Introduction of the NDPS Act (Narcotic Drugs and Psychotropic Substances Act,) 1985 and came into force on 14 November 1985. Under the NDPS Act, it is illicit for a person to produce/manufacture/cultivate, possess, sell, purchase, transport, store, and/or consume any narcotic drug or psychotropic substance. The Act has been revised twice – in 1988 and 2001. The Act stretches out to the entire of India and it applies likewise to every single Indian native outside India and to all people on boats and airship enlisted in India.
Along these lines, this demonstration is to merge and change the law identifying with opiate drugs and psychotropic substances, to apply stringent arrangements for the control and guideline of activities, and to execute the arrangements of the International shows on Narcotic Drugs and Psychotropic Substances and for issues associated therewith.

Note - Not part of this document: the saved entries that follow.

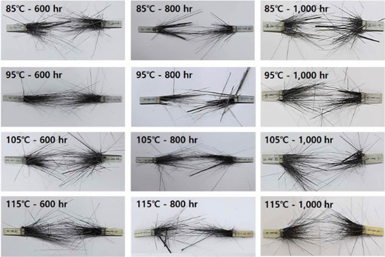 따라서 본 연구에서는 고온 노출환경에 따른 수소버스 용기 복합재의 기계적 물성 변화를 바탕으로 수소버스용 내압용기의 고온 정압 시험을 위한 온도 및 유지시간 기준 데이터를 확보하고자 하였다. GTR No. 13에서 제시된 시험 환경인 85oC와 1,000시간을 기준으로 복합재의 노출환경을 조성하여 수소버스 용기 복합재의 기계적 강도 변화를 측정하였다.
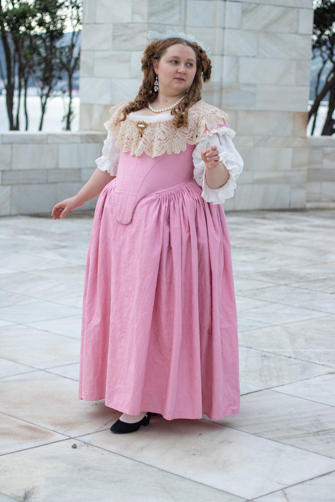 Dani is wearing View B in Size 42 with cartridge pleats. Her Anne Skirt & Ninon Bodice are made from a cotton duvet cover dyed rose pink. She trimmed her Ninon with an antique lace collar and wears it over a pieced Catarina Shift. All the fabrics in her outfit were thrifted or gifted: Dani wanted her Ninon ensemble to illustrate that it was possible to make beautiful historical costumes on a budget.
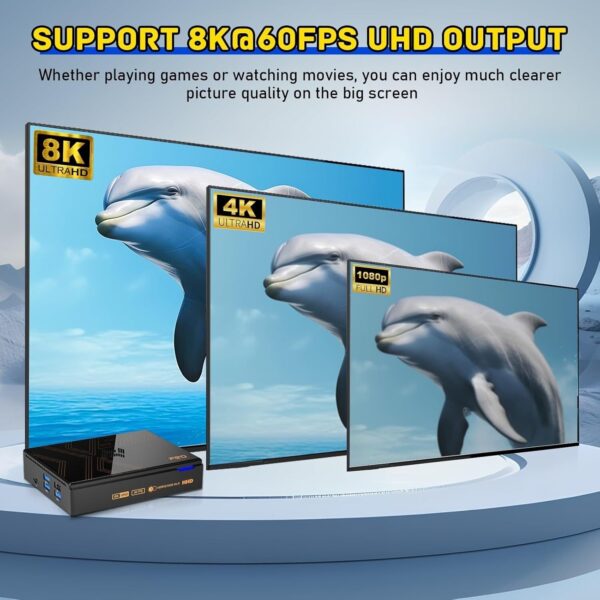Includes8GB DDR4 RAM and64GB eMMC storage for fast, stable operation. 🕹️X5 PRO Console Host ×1. Just plug and play! Supportsdual-screen output viaHDMI 2.1 andDP 1.4. ✔️ Multitasking with dual screens.
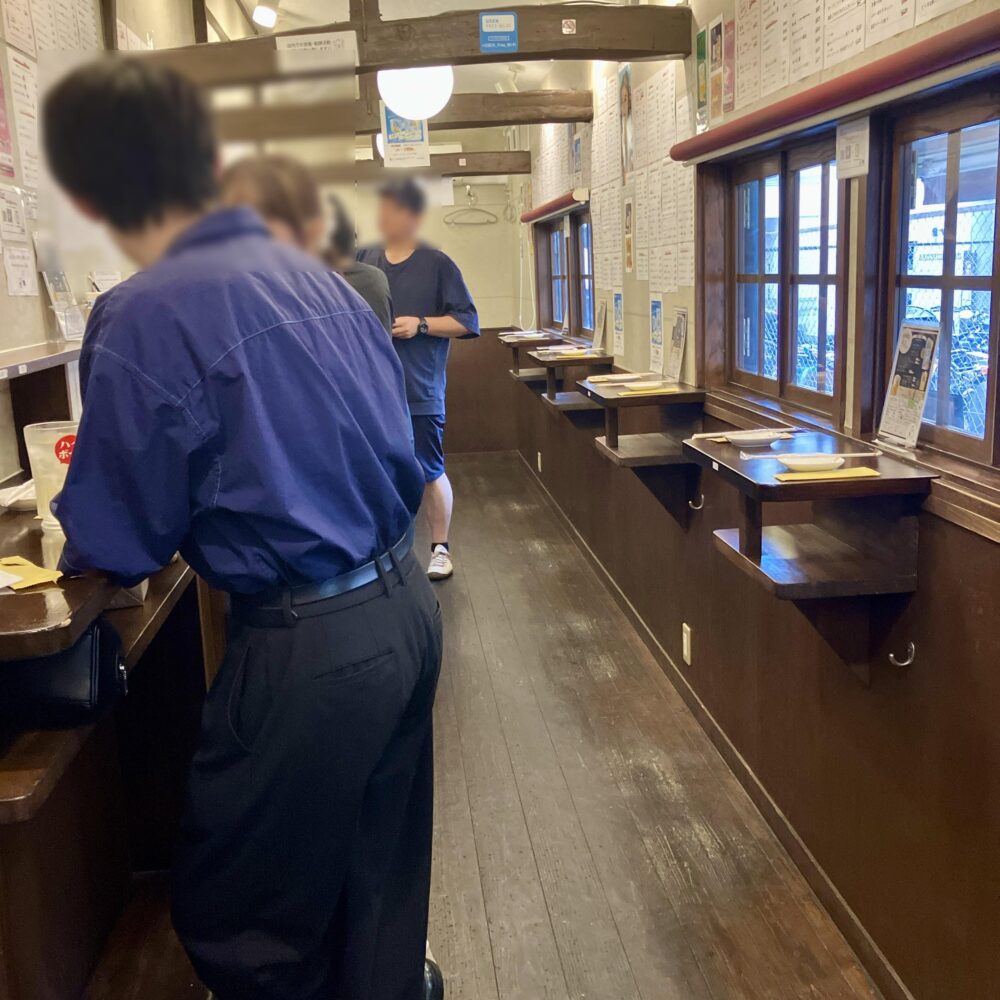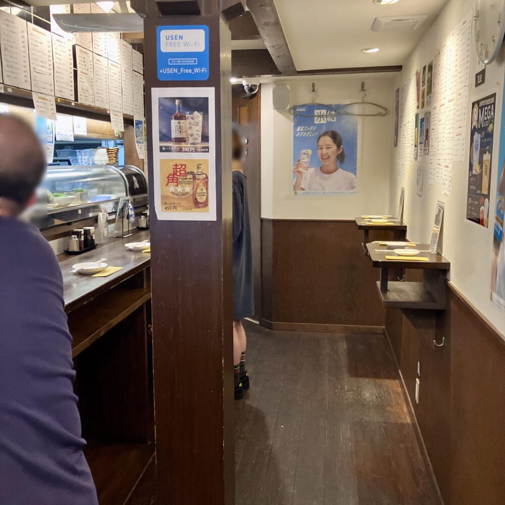 すべて立ち席、カウンターと奥に1つだけテーブルがあり、計35席くらいだったかなと。
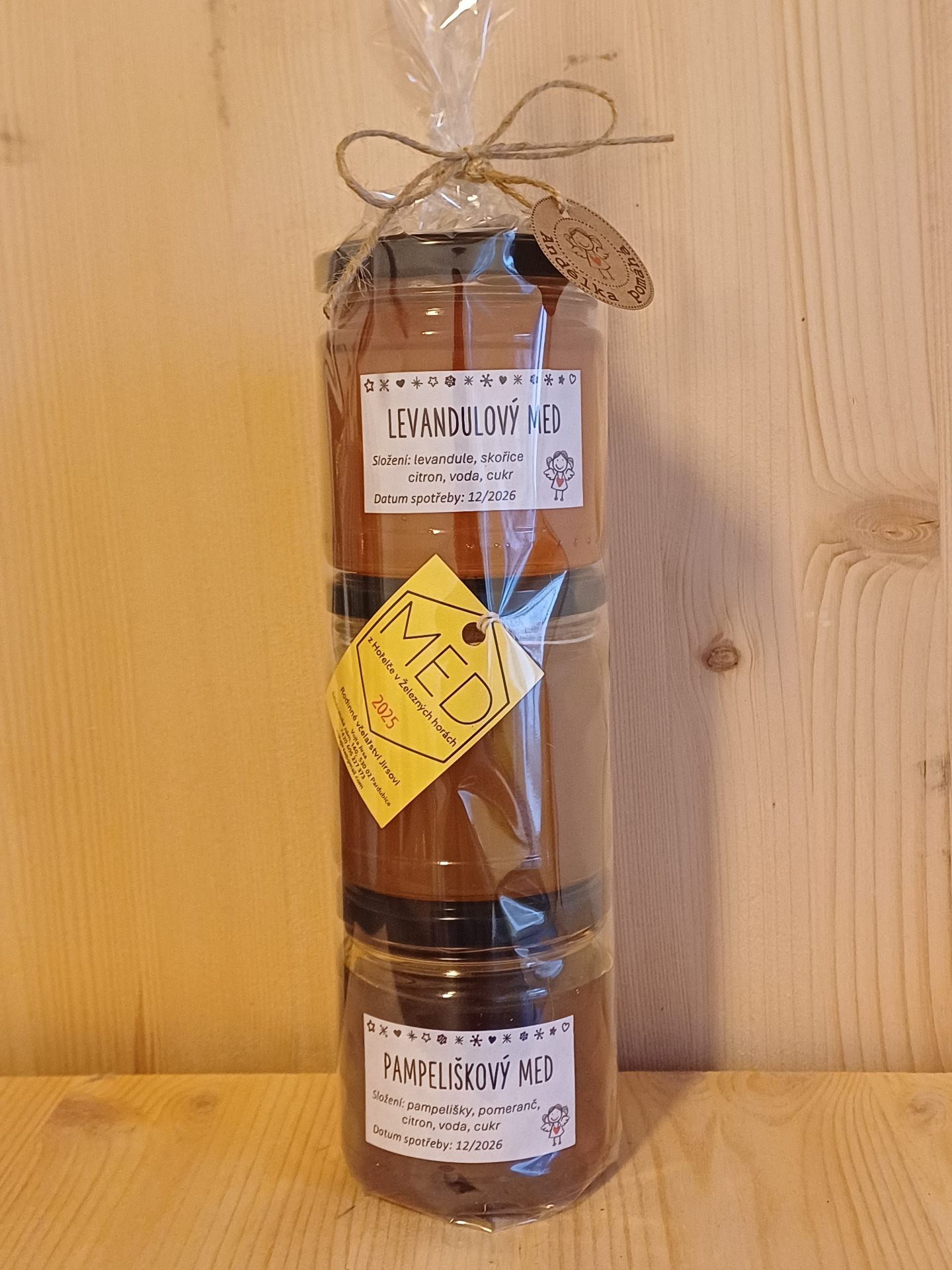 Krásně a s láskou zabalený balíček obsahuje tři druhy medu - včelí med od Jirsů, levandulový a pampeliškový med. Dárek, se kterým už nebudete mít žádnou práci.
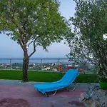 Gasten kunnen genieten van een kust uitzicht op de zee vanaf een terras in deze 2-slaapkamer Le Paradis D' Elli Lakíthra villa, op 3 km afstand van het Kasteel van Agios Georgios.
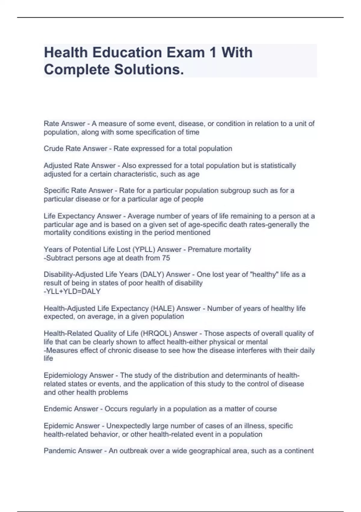 Health Education Exam 1 With Complete Solutions.
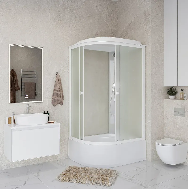 - Антискользящее покрытие: Поддон из ABS-пластика с антискользящим покрытием обеспечивает безопасность во время душа.
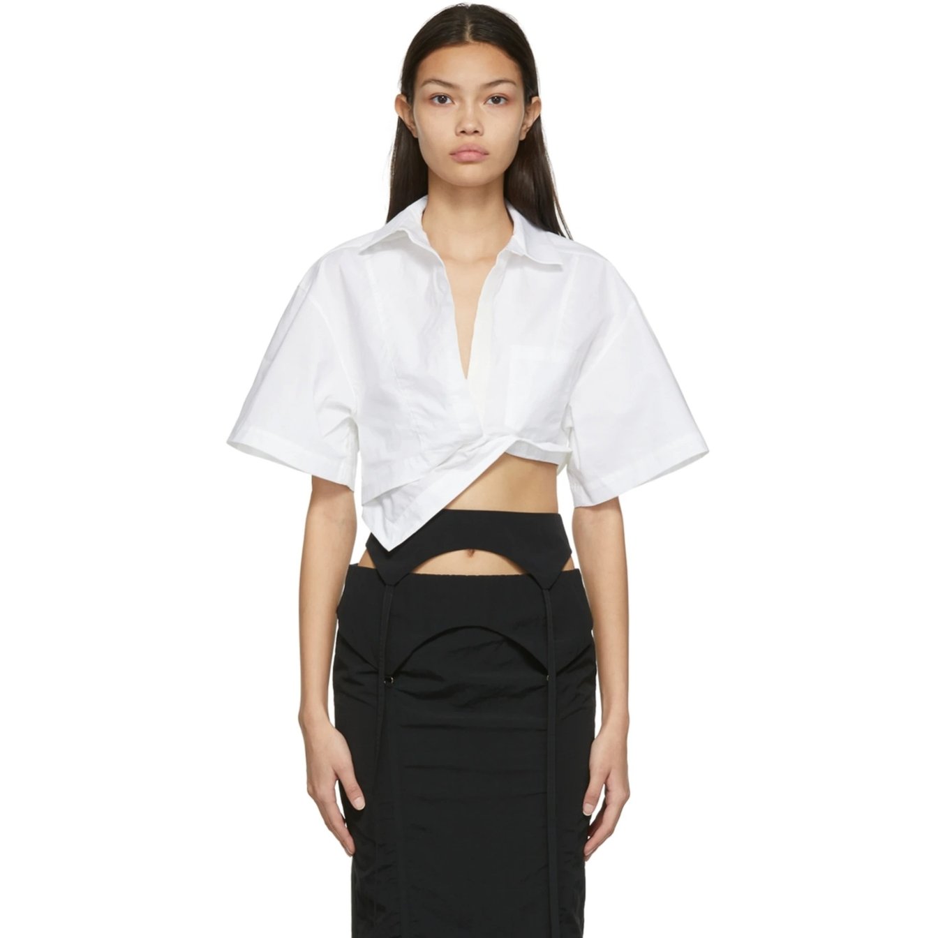 アシメントリに仕立てられたホワイトの半袖シャツは「ジャックムス(JACQUEMUS)」から。オーソドックスなアイテムをキッチュに組み立てる本ブランドならではのアイテムです。立体的な造りなので華奢見え必須なのも嬉しいポイント。

Undoubtedly, the bail provision under Narcotic Drug and Psychotropic Substances (NDPS) Act as contained in Section 37 reads as: "No person accused of an offence punishable for offences involving commercial quantity shall be released on bail or on his own bond unless (i) the Public Prosecutor has been given an opportunity to oppose the application for such release, and (ii) where the Public Prosecutor opposes the application, the court is satisfied that there are reasonable grounds for believing that he is not guilty of such offence and that he is not likely to commit any offence while on bail."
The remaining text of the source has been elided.